Dr. Jericho co-owns the patent for the holographic reconstruction algorithm.
Backed by 20 years of experience in research and technology, the two scientists developed their microscopes which initially were sold as desk top models to academic researchers.
But there was the realization there was a greater market.
“Because the technology and the hardware are so simple and there is such a wide variety of applications, we made the conversion from a desk top microscope to a submersible microscope and once we did that, the potential uses on a large scale are numerous,” said Jones.
The company spokesman said the hardware in the submersible microscope is “very simple and is a bit different than the conventional microscope.”
He explained a conventional microscope has a very narrow depth of view “so if something is moving quickly it will come in and out of focus and if you are looking at it you manually have to adjust your focus to try and capture it. Odds are you won’t be able to track it in focus. And also most samples have to be stained or fixed or somehow manipulated to show up.”
The Resolution Optics’ microscope surprisingly operates without a lens.

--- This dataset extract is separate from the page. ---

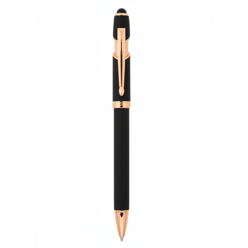 pluma de aluminio ejecutiva, con cuerpo mate de caucho, stylus en parte superior y detalles en rose gold. mecanismo retractil.

“Instead, light from a blue-violet laser is focused on a tiny pinhole (500nm) and a spherical cone of light is transmitted through the sample. Part of the light wave is scattered by objects present within the volume and both unscattered and scattered waves reach a digital camera sensor, producing an interference pattern. This interference pattern image is known as a hologram and is recorded by the camera sensor. That is the easy part,” he said.
“The second step of the process is to reconstruct the hologram to generate an image. Extremely sophisticated software is used to process the hologram and it digitally reconstructs the shapes and positions of objects within the volume, as they were when the hologram was recorded,” he said.

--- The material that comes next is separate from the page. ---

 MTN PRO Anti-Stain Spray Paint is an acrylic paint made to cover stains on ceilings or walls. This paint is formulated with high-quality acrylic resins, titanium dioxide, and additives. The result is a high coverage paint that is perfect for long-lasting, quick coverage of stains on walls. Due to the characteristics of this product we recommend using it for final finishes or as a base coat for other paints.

“Basically, it is possible to ‘digitally refocus’ images after they were captured. This enables researches to study the whole volume or depth of field, in comparison to conventional microscopes that generate very narrow two-dimensional images,” Jones said.
Speed is on Resolution Optics’ side.
“We can digitally reconstruct at 17 frames per second so we can market ourselves as a real time NC2 imaging. We are the only company that can do that,” Jones claims. “Anybody else trying to use holography for imaging is at least a 1000 times slower.”
Jones said Jericho and Kreuzer refined and perfected the process.
“The concept of a light source, pin hole and camera all in a line with one another, that’s the basis for the technology called digital inline holography,” he said, citing other holographic systems have multi-light sources.
“Then you have mirrors and beams are split and those microscopes get very complicated and very expensive. The fact we can make our microscopes so small is because basically we only need the three elements: light, pinhole and camera,” he said.
But again he stressed that “the speed at which we do the second step of the process is really to our advantage.”
The first use of the submersible microscope was water profiling in marine oceanographic research done in partnership with Old Dominion University in Norfolk. The microscope was dropped to a depth of 6,000m in the Caribbean which produced “the first images of micro-organisms at that depth and that degree of resolution,” said Jones.
The equipment’s ability to withstand extremes was tested when it was later used in a project in the Canadian Arctic under the ice with McGill University of Montreal, to image Arctic springs to see if there was life in those springs.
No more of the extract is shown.